Amazigh folk celebration in Morocco

Bujlood (بوجلود) or Bilmawen (بيلماون, ⴱⵉⵍⵎⴰⵡⵏ) is a folk Amazigh celebration observed annually after Eid al-Adha in parts of Morocco in which one person or more wears the pelt of the livestock sacrificed on Eid al-Adha.

== Etymology ==
The term Bujlood comes from the Arabic أبو abu (meaning father, or possessor) and jlood جلود (plural of jild جلد, meaning skin, leather, or pelt), so bujlood means father or possessor of skins.

The term in Tamazight is bilmaouen “ⴱⵉⵍⵎⴰⵡⵏ” . The term ilmawn means skins.

== Observance ==
The celebration begins with a bujlood carnival, usually on the day after Eid al-Adha, when young people wear masks and the skins of the sheep or goats that were sacrificed on the Eid. They dance around in their masks and costumes carrying limbs of the sacrificed animals, which they use to play with people they run into and trying to touch them. The point is to spread laughter and cheer.

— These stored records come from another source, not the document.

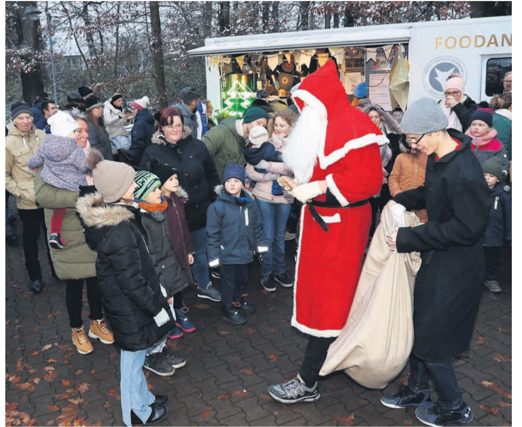
Gemütliche Enge herrschte auf dem Weihnachtsmarkt an der Waldkirche, der Nikolaus mit seinem Helfer war auch vor Ort.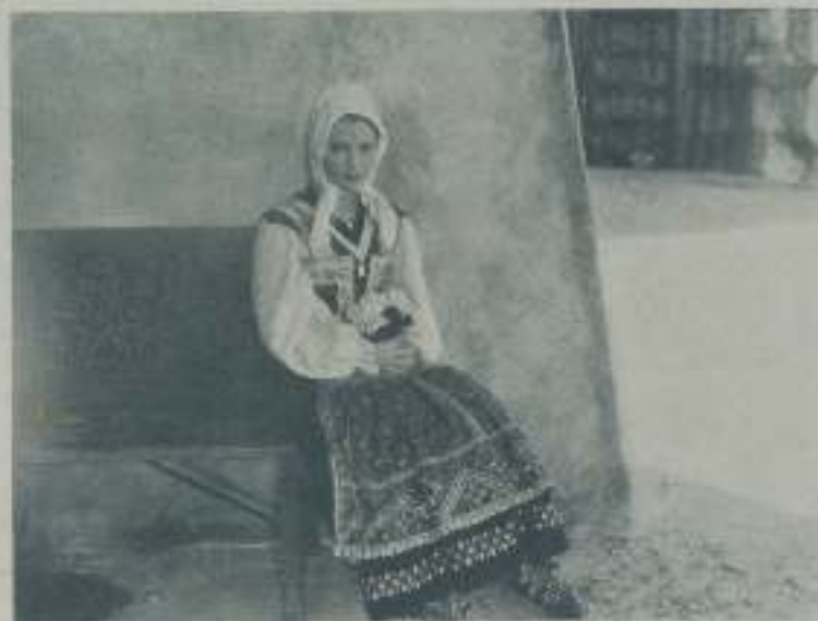
DOROTHEA WIECK en una escena de "Canción de amor" de la Paramount

No hace mucho lo encontró del brazo de su actual esposa, la ex-estrella de Cine Dolores Costello, y no le visto hombre con expresión de mayor felicidad que la suya. Estaba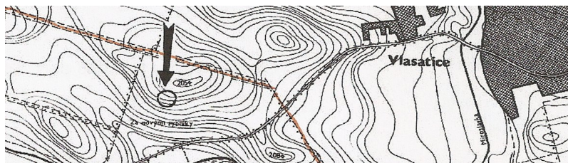
Obr. : Troskotovice – „Ve strání“. Situační plán lokality.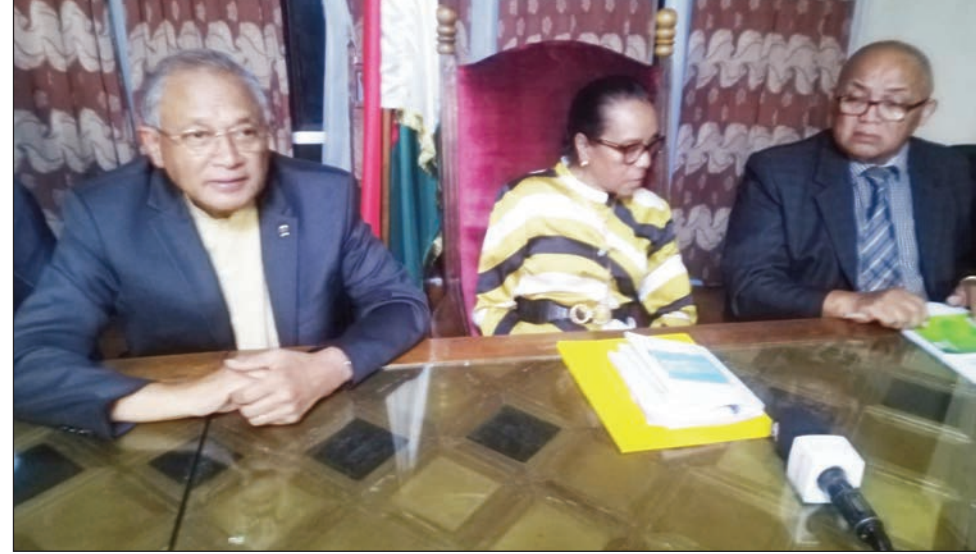
Ny avy amin'ny TIM Toamasina nanao fivoriambe ny alarobia teo, mitsipaka ny fifidianana tsy madio sy natao amboletra.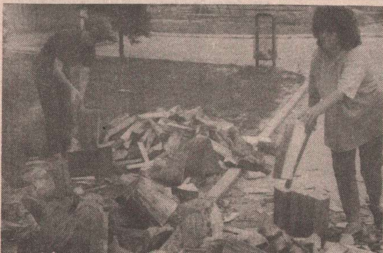
Припреме за змију нису остављене

It’s often seen as a “sister tradition” of the Austrian and South Tyrolean Krampus tradition. Even if they have different beliefs behind those traditions they do have similarities and are both believed to stem from pre-Christian or pre-Islamic, ancient pagan traditions.
Both involve wearing animal skins, masks, and bells to represent chaotic or wild figures, also both involve a "run" or procession where the character interacts with and frightens the crowd.

== Interpretations ==
The French ethnologists Edmond Doutté and Émile Laoust connect the tradition to pre-Islamic Amazigh rites celebrating the changing of seasons and death and resurrection. The Finnish anthropologist Edvard Westermarck connected the tradition to the Roman Saturnalia festival.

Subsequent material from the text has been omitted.